Although MCG data of 21 subjects were analyzed in this study, single beat extraction of HBS could be achieved only in 19/21 subjects using the proposed method due to very high level of atrial ramps in the other two subjects. It could be noticed from the Table that SNR of the as‐presented signal‐averaged MCG trace was already adequate (~15–20 dB) for HBS, but with significant dominance of atrial activity seen from SNR at P wave. This was drastically reduced by the proposed method even in a single cardiac beat. Similarly, the observations of higher values of SER at HBS frequency and low SER values at P wave and at noise frequencies further endorsed the fact the prominence of HBS alone was facilitated in the PR interval by the proposed IDWT‐SSP method.

3.3. Results on the application of the method to stress MCG

Figure 9 features the application of the proposed method to MCG measured on a healthy subject during a moderate stress condition, characterized by beat‐by‐beat autonomic variations in the heart rate. Figure 9a shows heart rate variations plotted against the beat numbers. A gradual increase in the heart rate commensurate with physical stress causing fluctuations from a normal resting state ~80 beats per minute (bpm) to a maximum of 120 bpm and back to ~80 bpm is shown. The beat numbers (epochs) were classified into six analysis bins each of 30 beats in length. Signal‐averaged epochs (of PR interval) in each analysis bin are shown in Figure 9b in the order from top to bottom (representing bins 1 to 6). The averaged traces show an inverted P wave with short PR segments (the portion of the PR interval after the P wave offset) with bumps attributed to HBS identified based on criteria described earlier with reference to signal registration in multiple channels (Sengottuvel et al., 2017). Due to the relative constancy of HV interval irrespective of the autonomic variations, the averaged traces show the portion of the PR segment containing the bump (H) to be temporally stable about the QRS‐onset (~39 ms). The phase shift in the P waves of the averaged traces was attributed to the cardiac dynamics imposed by autonomic influences (Senthilnathan et al., 2012). The fall in SNR of the averaged traces in the analysis bins 2, 3, 4, and 5 was due to the significant influence of heart rate variations and the measurement noise imposed by the physical action of the subject. The contour maps generated on each analysis bin using the proposed method for extracting HBS are shown in Figure 9c–h.
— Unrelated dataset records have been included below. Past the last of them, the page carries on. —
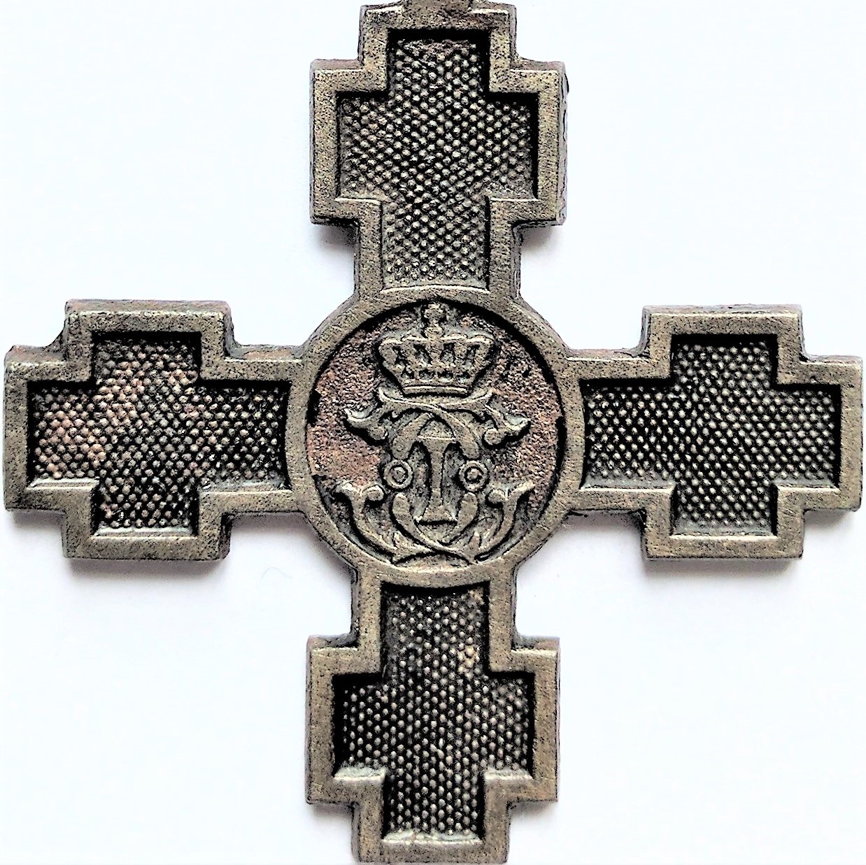 Crucea are pe marginile ramurilor o dungă albă în culoarea naturală a oțelului și în mijloc un medalion înconjurat de un cerc de oțel. Fondul medalionului este asemenea negru punctat și poartă pe o parte legenda: TRECEREA DUNĂRII și în mijloc milesimul 1877, pe cealaltă parte pe fondul medalionului se află cifra Noastră Domnească.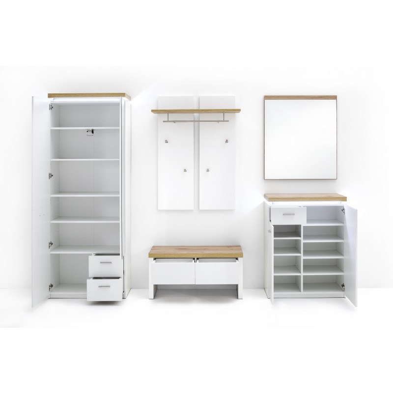 Young Style Cali Garderobe Weiss / Eiche Dekor, Modernes Wohnen Wohnzimmer Möbel Empfangsbereich, Foyer Möbel weiss von MCA Furniture, Garderobe online kaufen Schweiz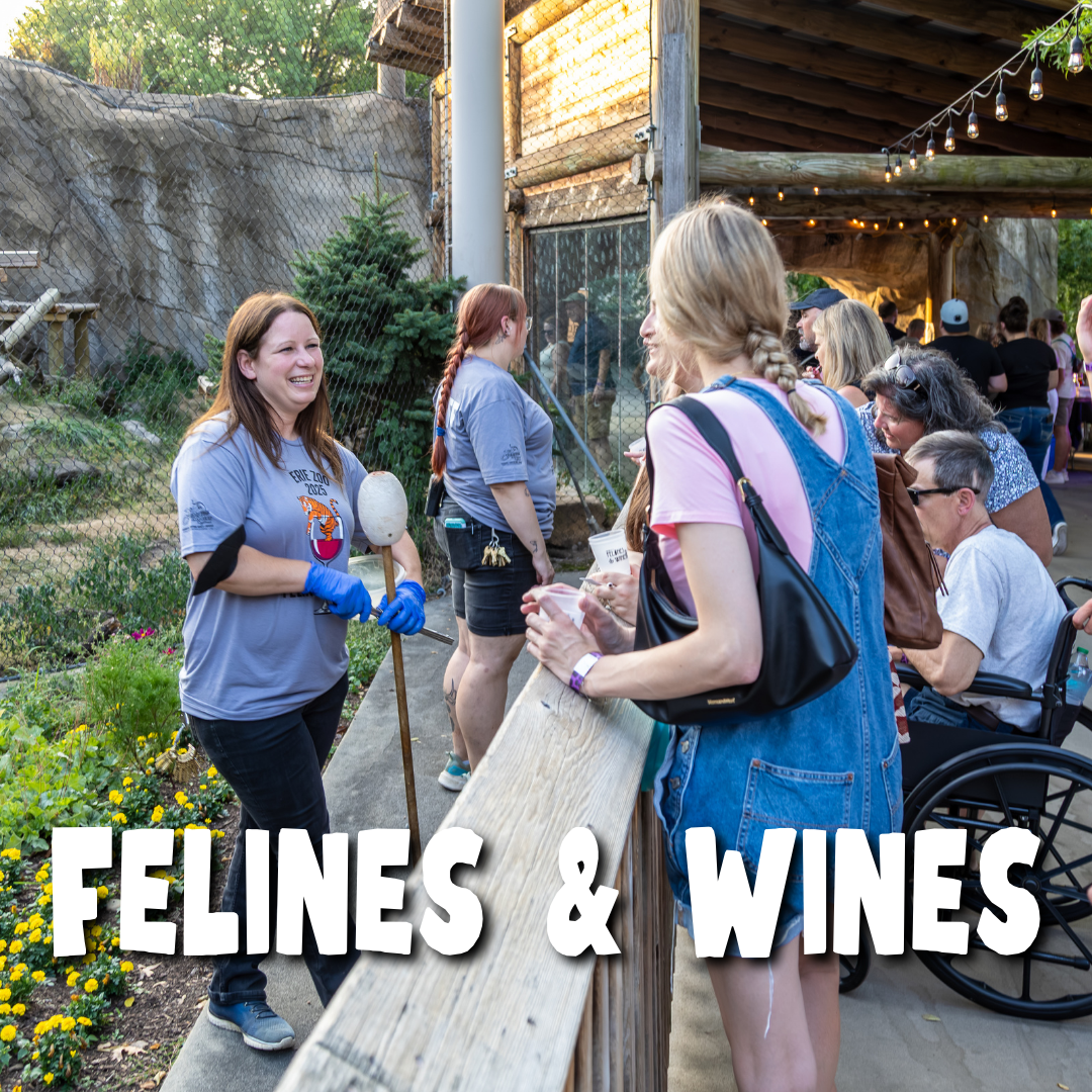 The Erie Zoo is excited to bring back Felines & Wines for its 5th annual Big Cat Conservation fundraiser. This year we have moved the date and time to Saturday, May 16th from noon to 4pm, to provide more springtime outdoors adult-only events that gives the attendees the opportunity to see more animals than they would during the night-time events. Felines & Wines will feature samples from local wineries, meaderies, and distilleries, exclusive cat training demos, live music, and more! This event is a limited ticketed event to 1,300 people.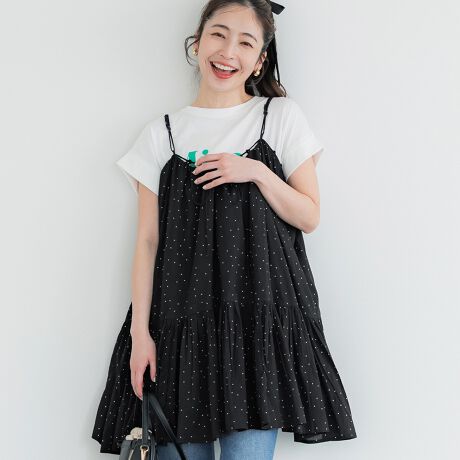 動くたびに揺れるフレアシルエットが女性らしいキャミソール。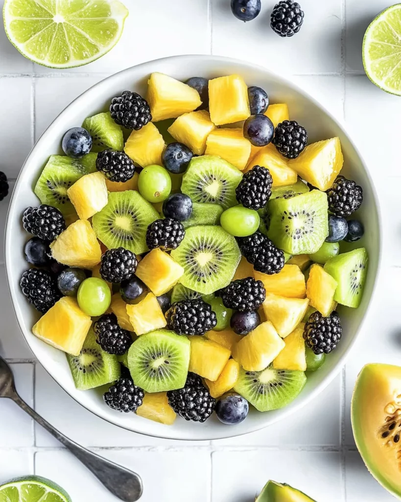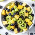 Now, take a large bowl and throw in all those fabulous chopped fruits. Pineapple, kiwis, honeydew, grapes, blueberries, and blackberries—all together in one bowl! The colors and textures look so inviting. It’s like a fruit party waiting to happen!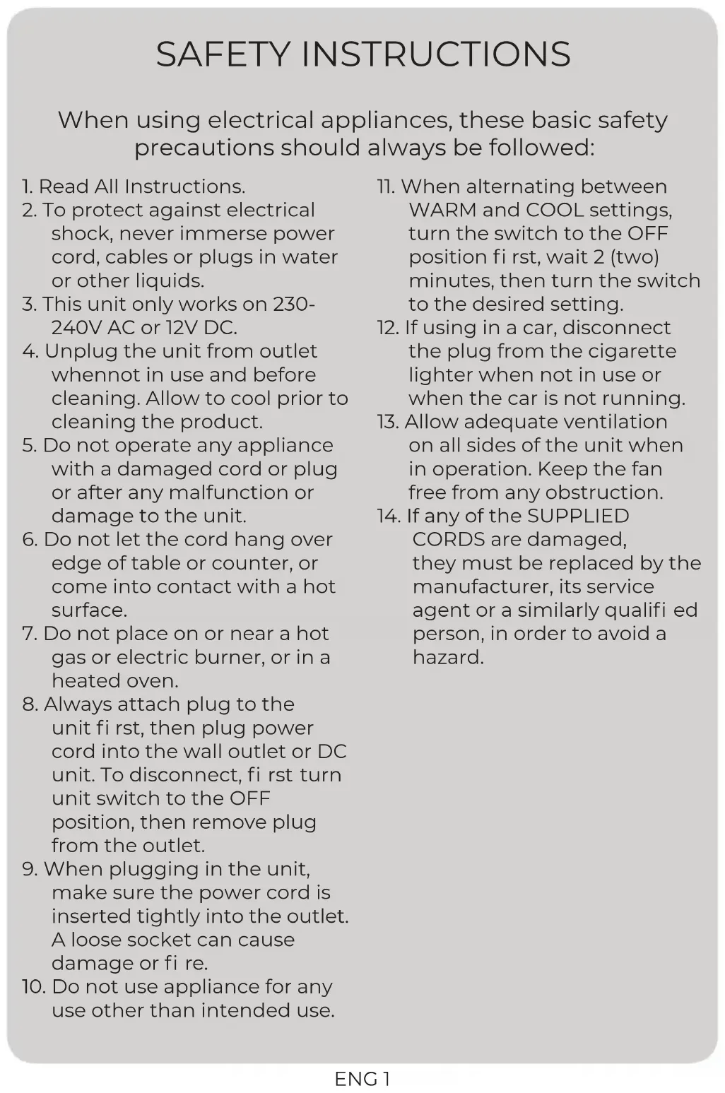 12ENG 4 Operating Instructions Unit Placement Locate unit a minimum of 3” (7.6cm) from wall or structure to allow proper ventilation to the back and top of the unit. Plugging in your Unit FOR HOME USE: Insert the AC power cord provided, by first inserting the AC power cord into the АС-in port, and then plugging into an AC wall outlet. NOTE: This unit only works on 230-240V. FOR MOBILE USE: insert the DC power cord into the DC-in port. In a car, RV, or boat, make sure the motor is on before plugging the DC power cord into the 12V cigarette lighter/DC outlet. Do not use DC power when motor is turned off. Turning on your Unit FOR COOLING: Flip the power switch from OFF to COOL setting. A green light will indicate that the unit is in cooling mode. FOR WARMING: Flip the power switch from OFF to WARM setting. A red light will indicate that the unit is in warming mode. IMPORTANT: Before plugging in the unit, make sure the switch on the back of the unit is in the OFF position.ENG 5 Confi guring the Interior of Your Unit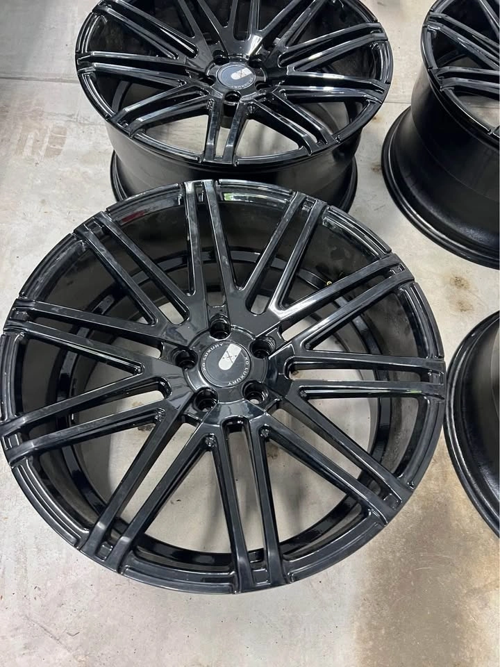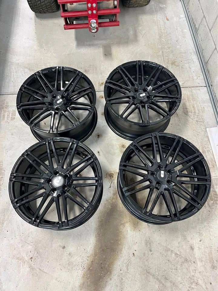 Freshly powder coated gloss black, no rash. One wheel was professionally welded. These 20" x 10" et30 wheels fit many 5x112 vehicles. Wheels only, no tires.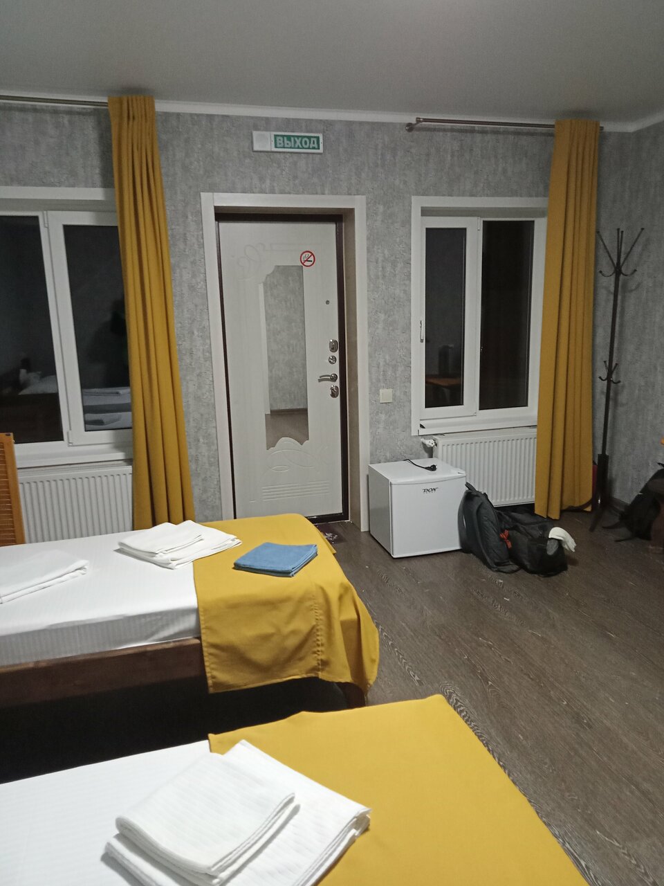 Очень хороший отель! Новый. Всё сделано с душой, ни на чём не сэкономлено. Все номера на 4-5 человек. Большая двухспальнаякровать и 2 односпальный. Для семьи, то что надо. Отличный ВайФай. Огромная парковка. У на был большой прицеп, развернулись за один приём. Из недостатков, в этом месте плохо ловит Билайн.

Consistent with the observation on the averaged traces of each bin, the contour maps show the HBS as red aligned patches which are easily traceable except for Figure 9e,f, where the noise levels are too high, limiting the visibility of HBS using the proposed method. The visualization provided by this method highlighted the possibility of beat‐by‐beat analysis of His bundle signals (as ordered features), especially in Figure 9c,h.

FIGURE 9.

FIGURE 9

Performance of the proposed method in stress MCG (a) Heart rate variations exhibiting a large extent of autonomic variations across the beat numbers, demarcated by analysis bins of 30 beats each (b) Signal‐averaged beats of each bin are shown in the order top to bottom trace. (c–h) Inter‐beat contours of the bins (1)–(6) using the proposed method. Arrows indicate traceable HBS in the contours.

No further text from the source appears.